(HB 1163)

Repossessed motor vehicles to be sold without title
in the name of the financial institution.

         ENTITLED, An Act to  allow certain repossessed motor vehicles to be sold without title in the name of the entity selling these motor vehicles.


     Section  1.  That § 32-6B-36 be amended to read as follows:

     32-6B-36.   Any auction agency operating under the provisions of this chapter may accept for sale at its option vehicles which are owned by vehicle dealers regularly licensed in either this or some other state, or by the following entities if the vehicle is owned and titled by the entity and acquired incident to its regular business:

             (1)      Any regulated lender as defined in § 54-3-14 or any financing institution licensed pursuant to chapter 54-4;

             (2)      Any financial institution chartered or licensed in any other jurisdiction . However, such entity is not required to have a title in its name if the entity provides a title in the name of the customer, a damage disclosure statement as required pursuant to §  32-3-51.8, and documentation as required by the department to substantiate a repossession transaction ; or

             (3)      Any insurance company authorized to do business in either this state or some other state.

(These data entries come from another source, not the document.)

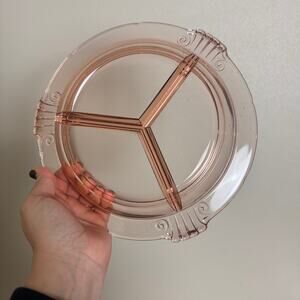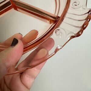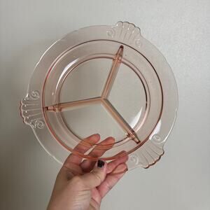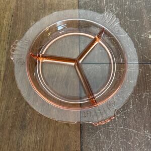 Vintage Pink Depression Divided Dinner Plate Scroll Detail
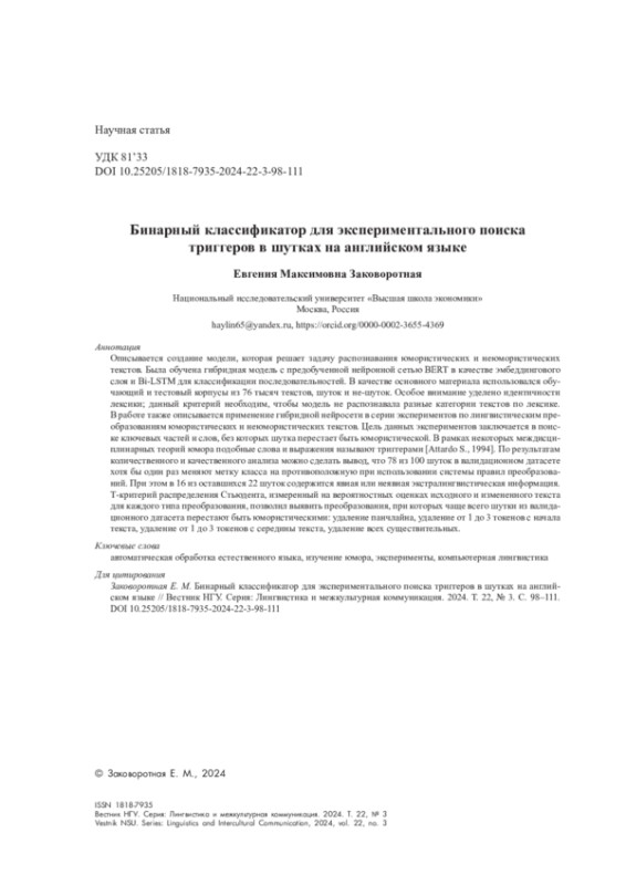 Статья: Бинарный классификатор для экспериментального поиска триггеров в шутках на английском языке
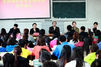 2014年4月2日,数理学院、人文学院第四期学生党员培训班开学典礼在2教107教室顺利举行。校党校、数理学院和人文学院负责人出席典礼,培训班班主任吴敏、李婕以及全体学员参加了典礼。典礼由数理学院党委副书记水心宝主持。

     An auction agency may also accept from any manufacturer any vehicle that is owned by the manufacturer and that has a manufacturer's certificate of origin or a valid title. Any vehicle with a manufacturer's certificate of origin sold for a manufacturer may only be offered to the manufacturer's franchised dealers with the same line vehicle make.

     Any vehicle dealer, regularly licensed by this or some other state, may purchase any vehicle from an auction agency, except as otherwise prohibited by this section. Any auction agency that accepts for sale any vehicle not authorized by this section is guilty of a Class 1 misdemeanor.